Entries supplied:

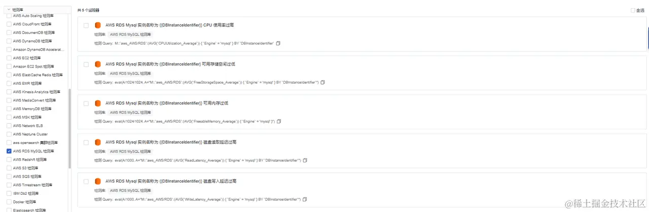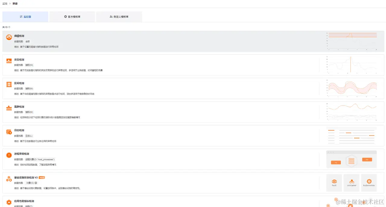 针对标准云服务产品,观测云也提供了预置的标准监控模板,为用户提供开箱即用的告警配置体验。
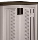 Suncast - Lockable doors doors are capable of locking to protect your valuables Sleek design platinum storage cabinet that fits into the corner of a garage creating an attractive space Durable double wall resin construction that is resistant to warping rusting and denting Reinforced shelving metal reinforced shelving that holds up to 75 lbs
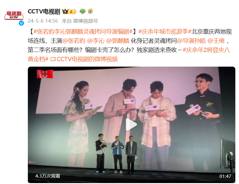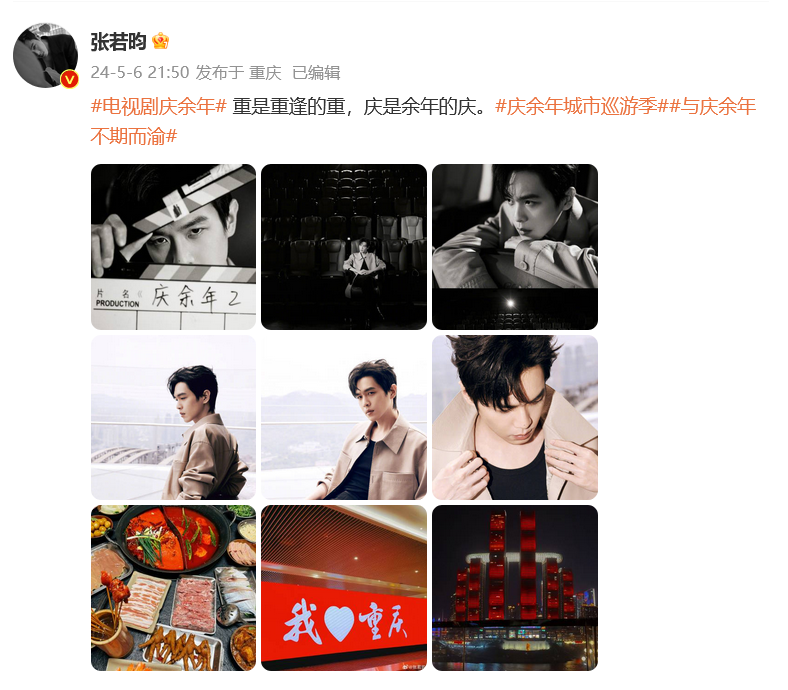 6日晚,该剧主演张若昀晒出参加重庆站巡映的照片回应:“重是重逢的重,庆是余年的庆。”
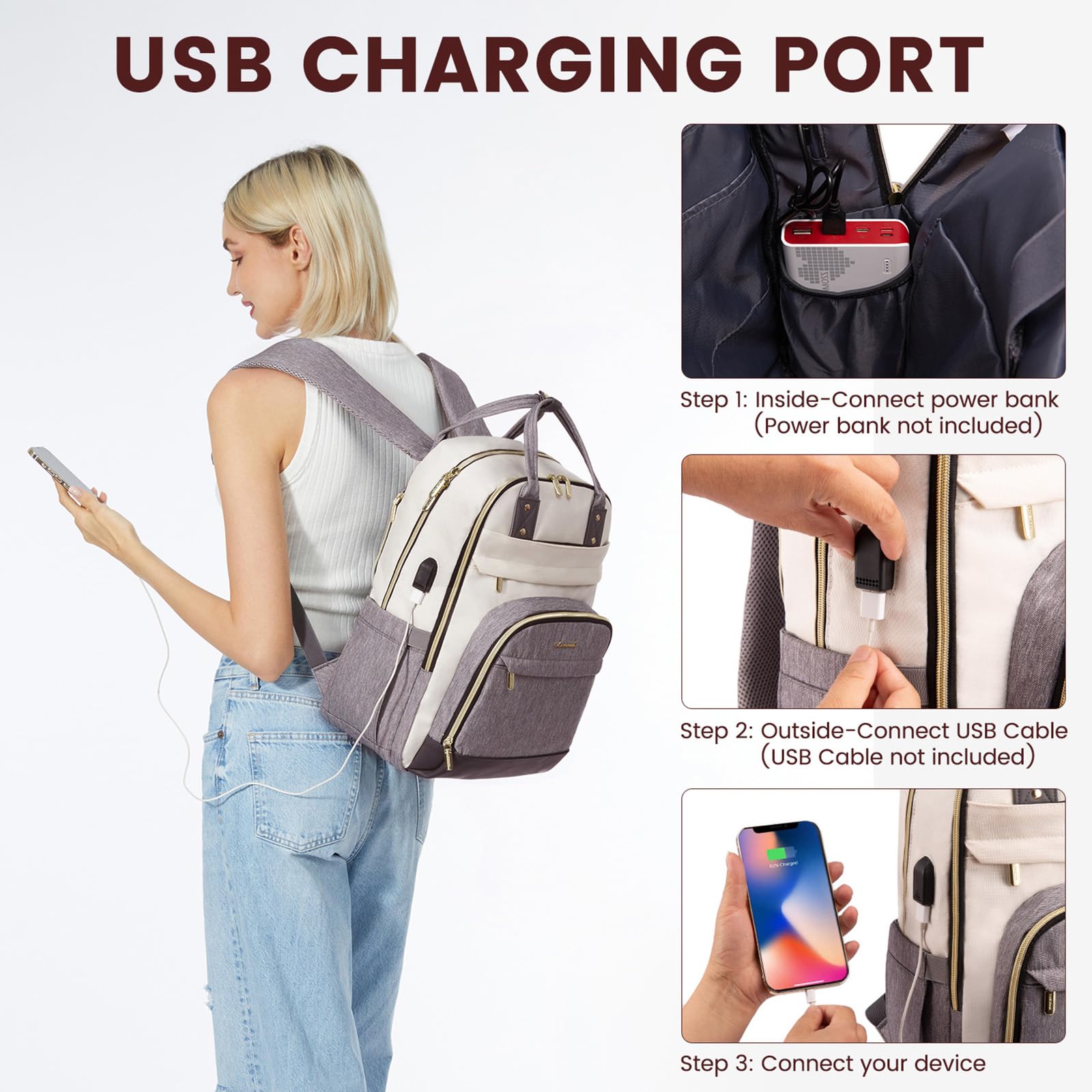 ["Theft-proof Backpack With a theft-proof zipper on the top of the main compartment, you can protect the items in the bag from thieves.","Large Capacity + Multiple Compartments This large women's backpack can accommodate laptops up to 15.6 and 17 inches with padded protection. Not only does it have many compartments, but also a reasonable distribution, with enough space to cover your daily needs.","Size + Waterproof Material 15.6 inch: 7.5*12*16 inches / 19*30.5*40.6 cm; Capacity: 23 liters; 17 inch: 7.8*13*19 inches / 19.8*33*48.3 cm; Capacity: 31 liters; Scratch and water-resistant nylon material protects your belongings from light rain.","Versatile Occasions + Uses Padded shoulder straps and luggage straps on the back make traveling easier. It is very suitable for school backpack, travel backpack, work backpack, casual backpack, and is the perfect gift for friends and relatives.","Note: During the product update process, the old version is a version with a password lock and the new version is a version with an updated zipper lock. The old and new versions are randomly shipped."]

* * *

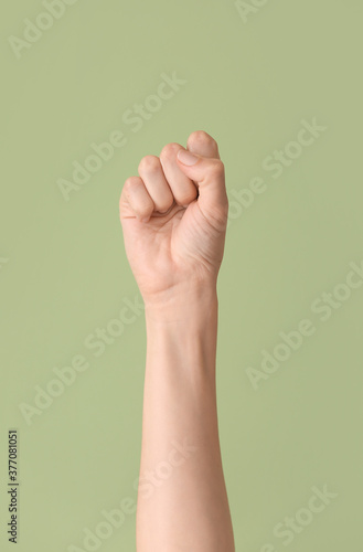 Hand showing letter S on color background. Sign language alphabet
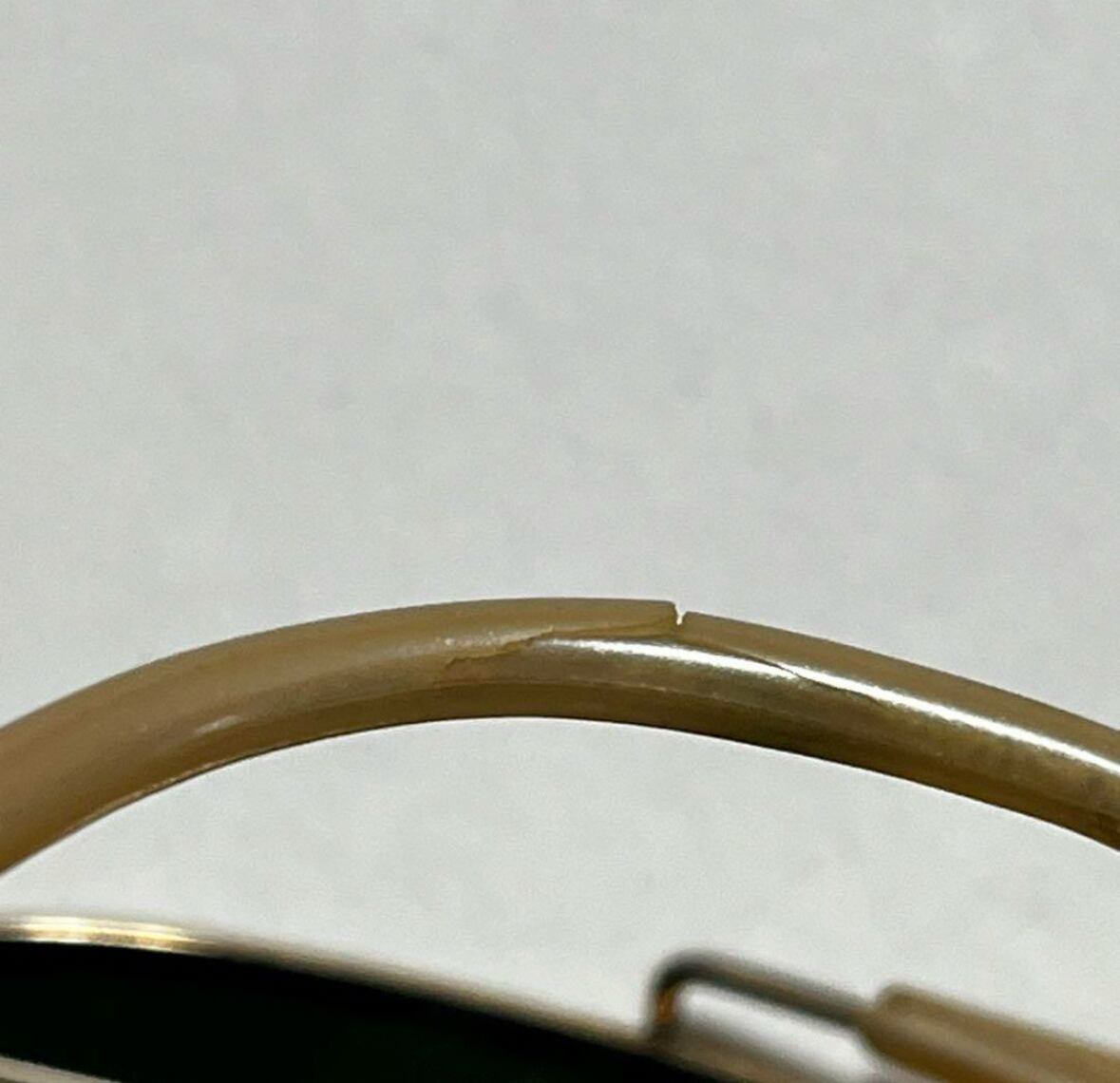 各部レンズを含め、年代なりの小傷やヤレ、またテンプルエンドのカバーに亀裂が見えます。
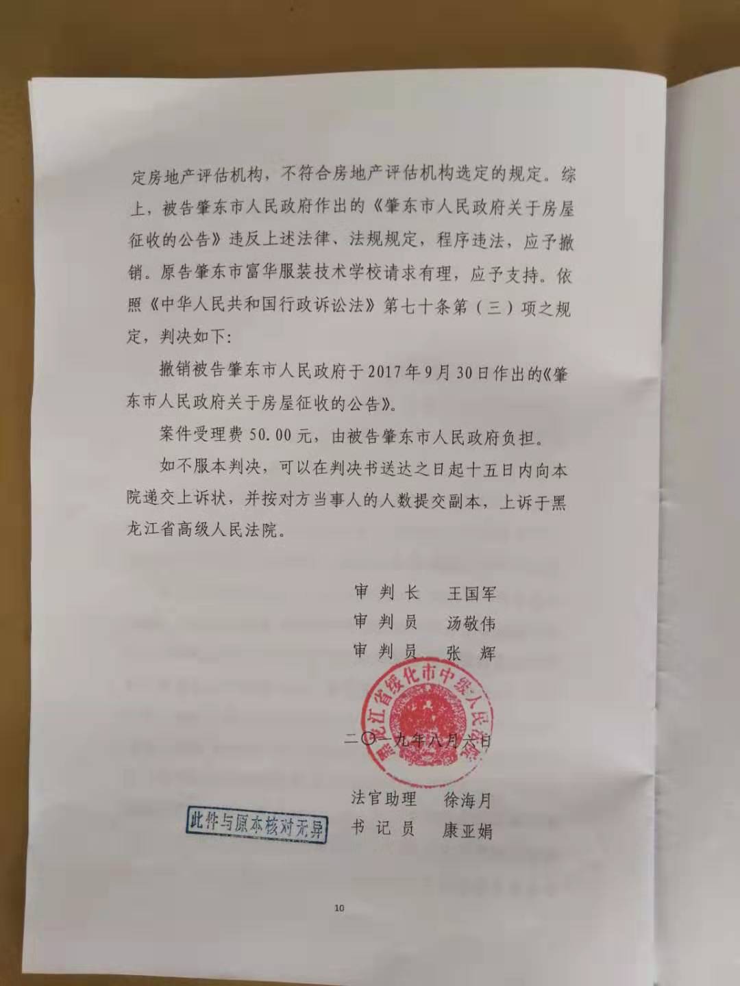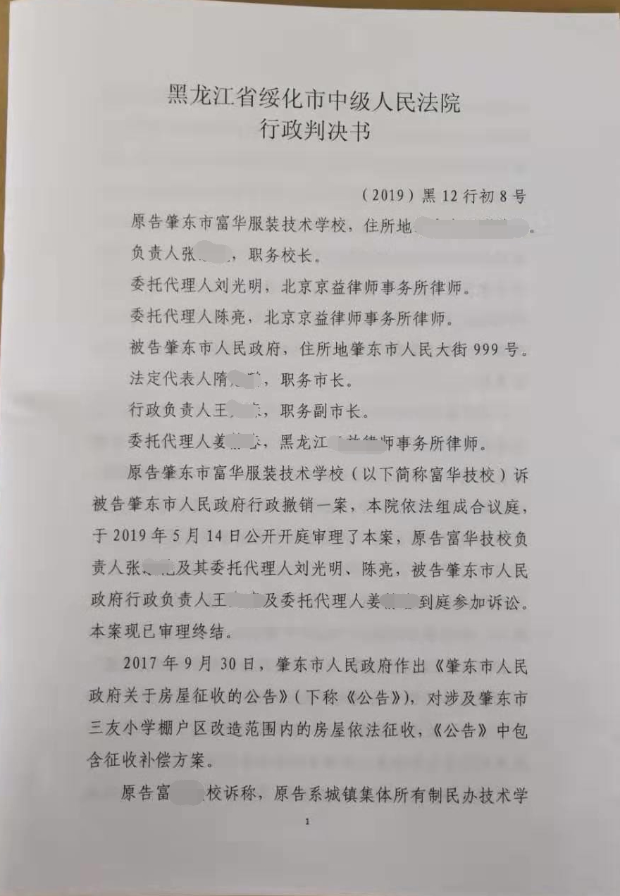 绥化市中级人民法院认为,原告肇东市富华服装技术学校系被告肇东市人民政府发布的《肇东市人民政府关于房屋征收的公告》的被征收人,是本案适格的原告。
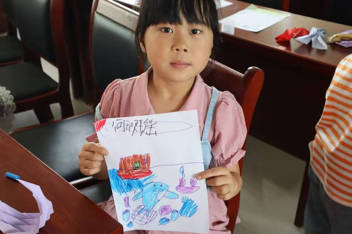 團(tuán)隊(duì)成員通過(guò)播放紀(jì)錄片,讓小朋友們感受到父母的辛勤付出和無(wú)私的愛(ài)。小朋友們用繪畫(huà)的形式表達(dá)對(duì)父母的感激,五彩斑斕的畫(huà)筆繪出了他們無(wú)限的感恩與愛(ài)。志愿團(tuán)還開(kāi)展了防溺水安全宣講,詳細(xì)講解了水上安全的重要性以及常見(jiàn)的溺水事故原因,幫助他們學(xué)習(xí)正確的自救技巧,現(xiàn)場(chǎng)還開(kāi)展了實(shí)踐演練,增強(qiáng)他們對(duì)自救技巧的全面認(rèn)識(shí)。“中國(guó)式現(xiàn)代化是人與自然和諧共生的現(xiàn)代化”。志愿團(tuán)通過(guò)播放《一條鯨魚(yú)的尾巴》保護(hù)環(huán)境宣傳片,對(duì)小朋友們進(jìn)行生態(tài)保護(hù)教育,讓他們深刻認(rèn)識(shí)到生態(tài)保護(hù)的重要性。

...

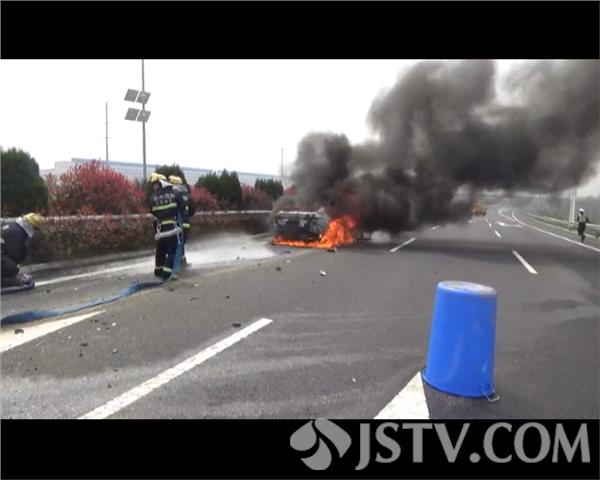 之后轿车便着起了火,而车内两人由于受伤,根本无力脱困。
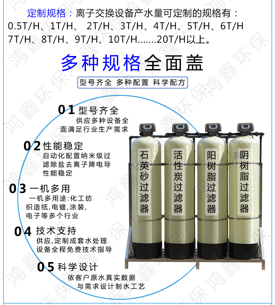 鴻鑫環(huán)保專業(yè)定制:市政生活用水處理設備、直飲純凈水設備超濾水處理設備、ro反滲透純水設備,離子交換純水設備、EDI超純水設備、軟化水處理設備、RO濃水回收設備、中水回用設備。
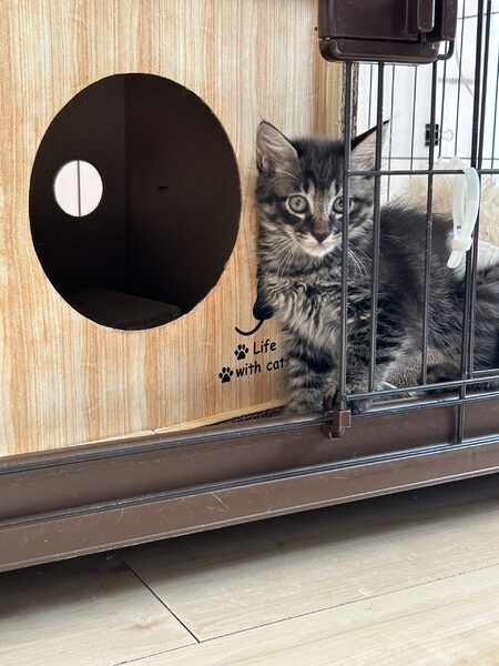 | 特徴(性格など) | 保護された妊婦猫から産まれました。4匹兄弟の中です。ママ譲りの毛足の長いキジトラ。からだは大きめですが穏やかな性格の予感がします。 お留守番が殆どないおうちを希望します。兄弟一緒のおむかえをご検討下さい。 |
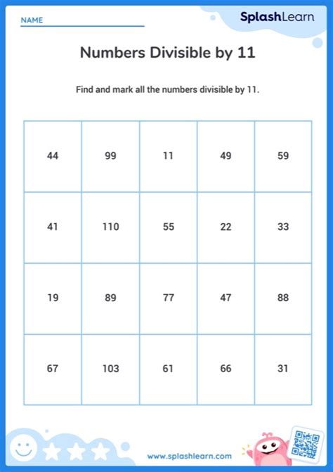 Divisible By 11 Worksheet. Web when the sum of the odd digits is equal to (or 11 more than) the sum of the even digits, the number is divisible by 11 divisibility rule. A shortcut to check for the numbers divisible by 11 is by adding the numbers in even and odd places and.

What is needed: Return exactly the lines above, from the one with "各部レンズを含め、年代なりの" up to and including the one with "團(tuán)隊(duì)成", and include no pictures.

Result below:
 各部レンズを含め、年代なりの小傷やヤレ、またテンプルエンドのカバーに亀裂が見えます。
 绥化市中级人民法院认为,原告肇东市富华服装技术学校系被告肇东市人民政府发布的《肇东市人民政府关于房屋征收的公告》的被征收人,是本案适格的原告。
 團(tuán)隊(duì)成員通過(guò)播放紀(jì)錄片,讓小朋友們感受到父母的辛勤付出和無(wú)私的愛(ài)。小朋友們用繪畫(huà)的形式表達(dá)對(duì)父母的感激,五彩斑斕的畫(huà)筆繪出了他們無(wú)限的感恩與愛(ài)。志愿團(tuán)還開(kāi)展了防溺水安全宣講,詳細(xì)講解了水上安全的重要性以及常見(jiàn)的溺水事故原因,幫助他們學(xué)習(xí)正確的自救技巧,現(xiàn)場(chǎng)還開(kāi)展了實(shí)踐演練,增強(qiáng)他們對(duì)自救技巧的全面認(rèn)識(shí)。“中國(guó)式現(xiàn)代化是人與自然和諧共生的現(xiàn)代化”。志愿團(tuán)通過(guò)播放《一條鯨魚(yú)的尾巴》保護(hù)環(huán)境宣傳片,對(duì)小朋友們進(jìn)行生態(tài)保護(hù)教育,讓他們深刻認(rèn)識(shí)到生態(tài)保護(hù)的重要性。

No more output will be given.